Reputation: 2568
During back propagation it appears that it's assumed that any error created in a hidden layer only affects one layer higher (for example see the derivation here, specifically equation 16).
That is, when calculating dE/dy_j
the derivation states it uses the chain rule, however it only differentiates over nodes with indices in I_j
(i.e. only over nodes one layer higher than y_j
). Why is it the case that higher layers are ignored in this calculation? We could take into account the i+1
layer as well by considering that x_{i+1} = \sum_i w_{i,i+1} f(\sum_{j} w_{j,i} y_j)
(which clearly has y_j
dependence).
Upvotes: 1
Views: 58
Reputation: 19169
Higher layers aren't being ignored. In equation 16, the E
in the dE/dy_i
is the error of the final output, so that gradient already includes effects of all subsequent layers. That's the whole point of backpropagation. You start with the error at the output and compute the gradient with respect to the previous layer. Then, you use that gradient to compute the gradient for the next previous layer, etc.

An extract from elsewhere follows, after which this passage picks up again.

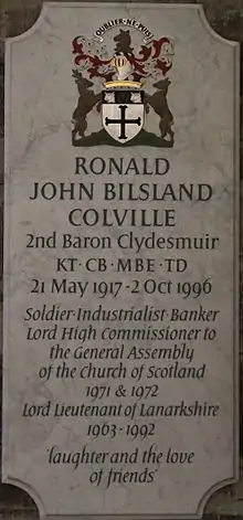 Ronald John Bilsland Colville, 2nd Baron Clydesmuir, KT, CB, MBE, TD (21 May 1917 – 2 October 1996), was a Scottish soldier and businessman.[1] He notably served as Governor of the Bank of Scotland, Lord Lieutenant of Lanarkshire, and Captain General of the Queen's Bodyguard in Scotland. According to his obituary, he was described as "an outstanding and dedicated servant of Scotland. He was a gentleman of the old school with a genial wit and great generosity of spirit".[2]

You could do what you are describing but it would make for a much more complicated formulation. A convenient/efficient aspect of the backpropagation formulation is that since you only need to use the error term for the subsequent layer, it doesn't matter whether you have a total of 3 layers or 4 or 50. You apply the same simple formula to each hidden layer, accumulating chain rule terms as you work your way backward through the network.
Upvotes: 2